Why do we love Before and After pictures? Maybe because it represents change we feel we can control, change that we really wanted. The most difficult change to accept is that which we don't choose for ourselves.
This is my 1970s kitchen. It has been an OK kitchen. Several years ago I started watching home improvement shows on TV. My favorite is Fixer Upper. My slight distaste for these laminate cabinets began to increase and I developed the desire to remodel this 70s kitchen. There was never a good time, though. We couldn't afford it. It would be a mess.
Much like relationships that we need to work on, it was easier to coast along with the laminated outdated kitchen, which also did not have enough room for all the good things I wanted to put in it.
Even though there were features of the kitchen I didn't care for, I was accustomed to it.
Sometimes I would envision a new kitchen, and superimpose the images of that new kitchen onto my old kitchen. That exercise made me feel both better and worse. Better because I could see it was a realistic goal, worse because I doubted it would ever happen. Things just weren't quite right in my life to start a remodeling job. But the laminate covering the wall really irritated me. In fact, I knew there was a window behind the laminate that had been completely covered up. Knowing that a lot more light could enter the kitchen made me feel hopeful. But I'd have to tear down some walls to see it. Break some things, crack some things open.
A Buddhist slogan is "Abandon any hope of fruition." I was introduced to this slogan in Pema Chodron's book Comfortable with Uncertainty. This slogan about letting go of hope really threw me. I thought hope was good. Hope is good, right? In Lesson 77, Pema discusses the unskillful use of hope to escape the present moment. Using hope when we feel the present moment isn't good enough, or the present thing is lacking. It makes us unhappy with what we have and who we are in the present moment.
I thought, "Well, what if what I have in the present moment isn't very good?"
This slogan doesn't mean that I need to suffer. In the present moment if I hold my hand to a hot stove it will be unpleasant. Should I hope that it will end? Of course. But the point of the slogan is to not put my hand on the hot stove in the first place. When I stop creating and allowing pain and suffering in my life I don't need to hang on so ferociously to hope that things will change. My hand isn't on the hot stove. I'm pretty OK with where I am.
When I was unexpectedly terminated from my job after 21 years, I was devastated. A great part of my identity was tied up in my career. With the institution I worked for, what I did, where I traveled. I made a lot of sacrifices for the institution during those 21 years. Missed a lot of family time, sometimes worked 60 or 70 hour weeks. I was credited with bringing millions of dollars in research funding to the institution. For a time, I was appreciated. The appreciation and respect from others made me feel good about myself.

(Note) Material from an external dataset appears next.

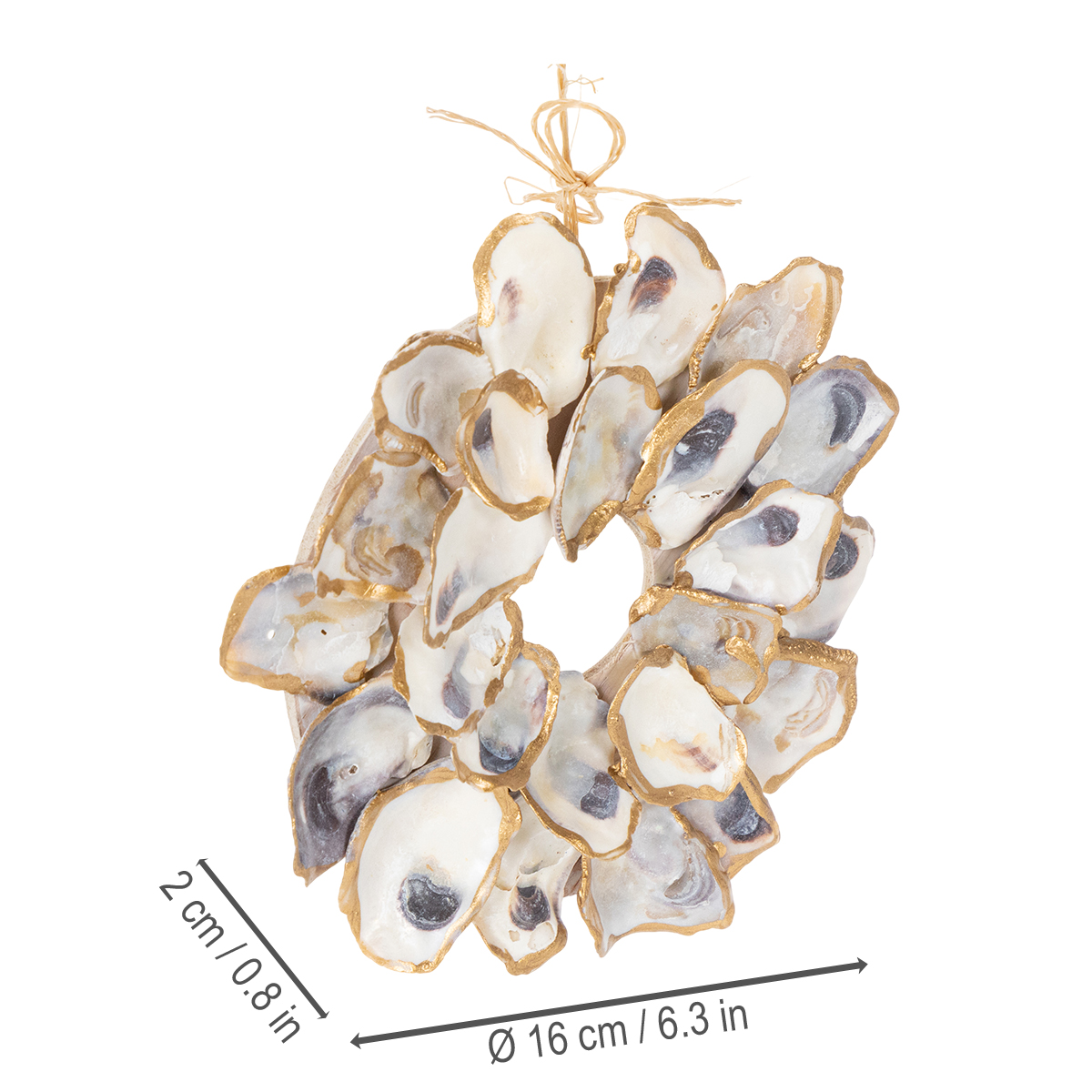 Termék neve: Osztrigakoszorú kagylódekoráció, tengerészeti lakberendezési kiegészítő, természetes fali dekoráció, 12 cm

Then the senior administration at the institution changed. The new folks didn't know who I was and didn't care. They made drastic changes in the way funds were used, which I pointed out (several times) were not in keeping with the rules of the contract. I knew the contract better than anyone. I was queen of this universe, and felt that no one should step in and tell me how to run things. Then I discovered serious scientific misconduct which I reported. A few days after confronting my supervisor, I was called into a meeting and fired. Viciously fired. Banned from the institution. Not given my retirement benefits. Yet they admitted it had nothing to do with my performance, which had been consistently rated as outstanding. I was blacklisted within my profession and could no longer obtain employment.
Then I sustained a life-changing injury to my ankle, and my marriage of 32 years ended. My world fell apart and I had no hope. There was nothing to do but keep moving, one day at a time.